The above capabilities allow the generation of channel networks of different density and resolution to meet the scale, needs and purpose of a particular application. For example, the same drainage network can look quite different when examined on topographic maps of different scales. This different network density/resolution can be reproduced by TOPAZ by either generating all large and small channels within the landscape, only the largest channels, or a network between these two extremes. Once the channel network has been fully defined, it is further processed to determine the Strahler order of each channel link and to assign an identification number to each network node and channel link (Garbrecht and Martz, 1997b). These identification numbers are used to determine the optimal routing sequence for cascade-type flow routing through the channel network (Garbrecht, 1988).

Subcatchments represent the direct contributing drainage areas of the left and right side of each channel link, and of the source node or upstream end of each exterior link or 1st order channel. Subcatchments and corresponding divides are determined from the previously defined drainage pattern and channel network. Also, subcatchment identification numbers based on network node and channel link identification numbers are assigned to provide the topological relationship between network nodes, channel links and subcatchments.

 

3.4 Topographic Parameterization

Topographic parameterization involves measuring a variety of properties and parameters of the DEM raster and of the derived channel network, channel links and subcatchments. Spatial parameters, such as rectified elevations, landscape slope and aspect, drainage pattern, channel network and subcatchment boundaries, are generally stored in raster format and are available for visual display using an external GIS. On the other hand, parameters that describe specific features of the landscape, such as the geometry of a channel link or subcatchment, are stored in tabular format. Examples of channel network parameters include number of channel links, total channel length, subcatchment area, drainage density and network composition parameters. Examples of channel link parameters include link length, slope, elevation, upstream and lateral drainage area, and topologic connectivity information. Examples of subcatchment parameters include representative drainage area, length, slope, aspect distribution and overland flow distance. A complete list of computed properties and parameters can be found in the documentation of individual TOPAZ programs.

Raster derived channel networks often contain junction nodes with more than two inflows. Such junction nodes are referred to as complex junction nodes. Complex junction nodes very seldom occur in nature. Tributaries joining a main stem generally are spaced along the main stem, though the spacing between junctions can occasionally be small. Complex junctions in generated raster channel networks can be common. They are the result of a low horizontal DEM resolution that cannot resolve the spacing between two or more consecutive tributary junctions, thus lumping multiple junctions together into a single cell. A TOPAZ feature allows the decomposition of complex junction nodes into a sequence of simple junction nodes (only two inflows per junction) at a sub-raster resolution. The resulting channel network is called a binary channel network because it always has 2 upstream inflows per junction. The binary channel network is believed to be a better approximation of natural channel networks because it overcomes the effects of systematic lumping due to limited raster resolution. At the user's choice, properties and parameters of the binary channel network and corresponding channel links and subcatchments are computed and tabulated in a manner similar to that for the raster channel network, channel links and subcatchments.

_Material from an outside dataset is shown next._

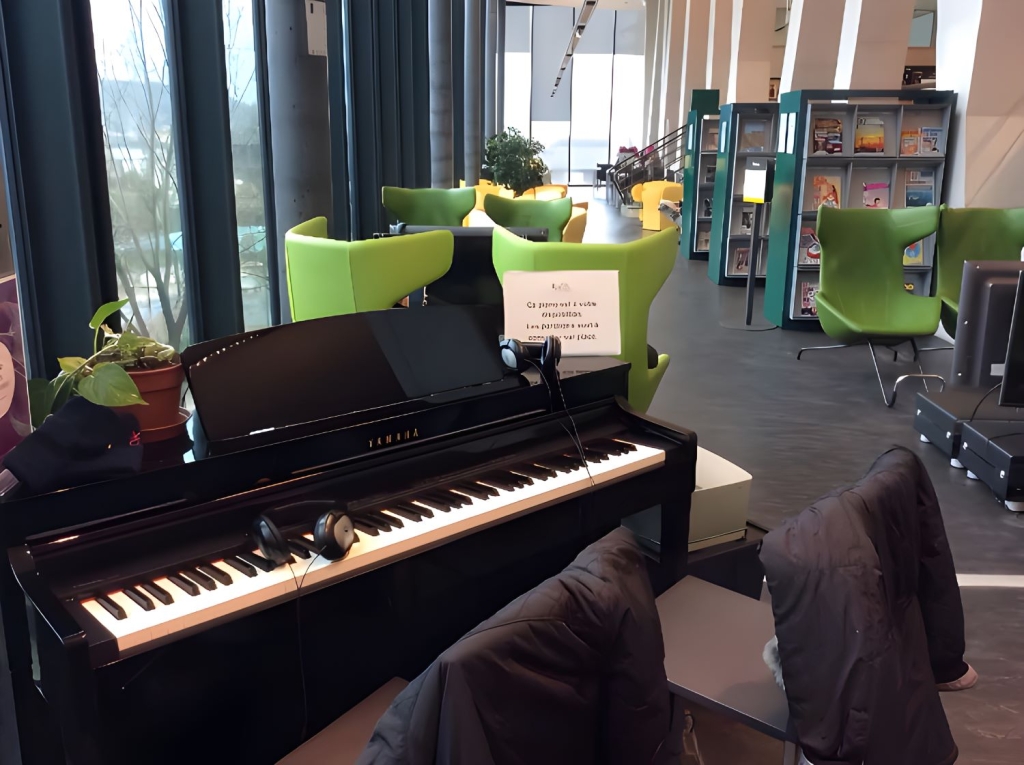 供讀者自由彈奏的鋼琴,大扇落地窗下一排排閱覽桌椅,還以為來到高檔餐廳了呢!光線雕飾著景觀,視覺上一大饗宴!

In addition to computing the parameters of each channel link and subcatchment, TOPAZ evaluates the mean and standard deviation of these parameters over the entire channel network, as well as by Strahler order. Topaz also computes the drainage network composition parameters. The entire statistical evaluation is performed for both the raster and binary channel networks.

 

3.5 Assumptions and Limitations

General assumptions and limitations of the D8 method, the downslope flow routing concept, and the CSA concept, as described in O'Callaghan and Mark (1984), Douglas (1986), Fairfield and Leymarie (1991), and Costa-Cabral and Burges (1994), apply. Also applicable are assumptions and limitations pertaining to DEM resolution (vertical and horizontal) and finite (raster) representation of landscape elevations. Of particular significance for TOPAZ are the following four assumptions/limitations:

a) the DEM must be of sufficient vertical and horizontal resolution to allow the identification and parameterization of the channel network, subcatchments and other landscape features of relevance;

b) local drainage and flow direction can adequately be defined by 8 directions: 4 diagonal to and 4 in the principle raster directions;

c) upstream drainage areas and drainage paths are adequately described by downstream flow routing from one cell spilling onto another adjacent cell in the direction of steepest descent;

d) the channel network is adequately described by all cells that have an upstream drainage area above a user specified threshold drainage area, the CSA parameter;

e) representative values of distributed subcatchment properties are quantified based on models that define the reduction of distributed values of the properties into single representative values.

The above five assumptions/limitations do not inhibit the numerical processing of DEMs by software TOPAZ; they only impact the quality and usefulness of the TOPAZ produced data.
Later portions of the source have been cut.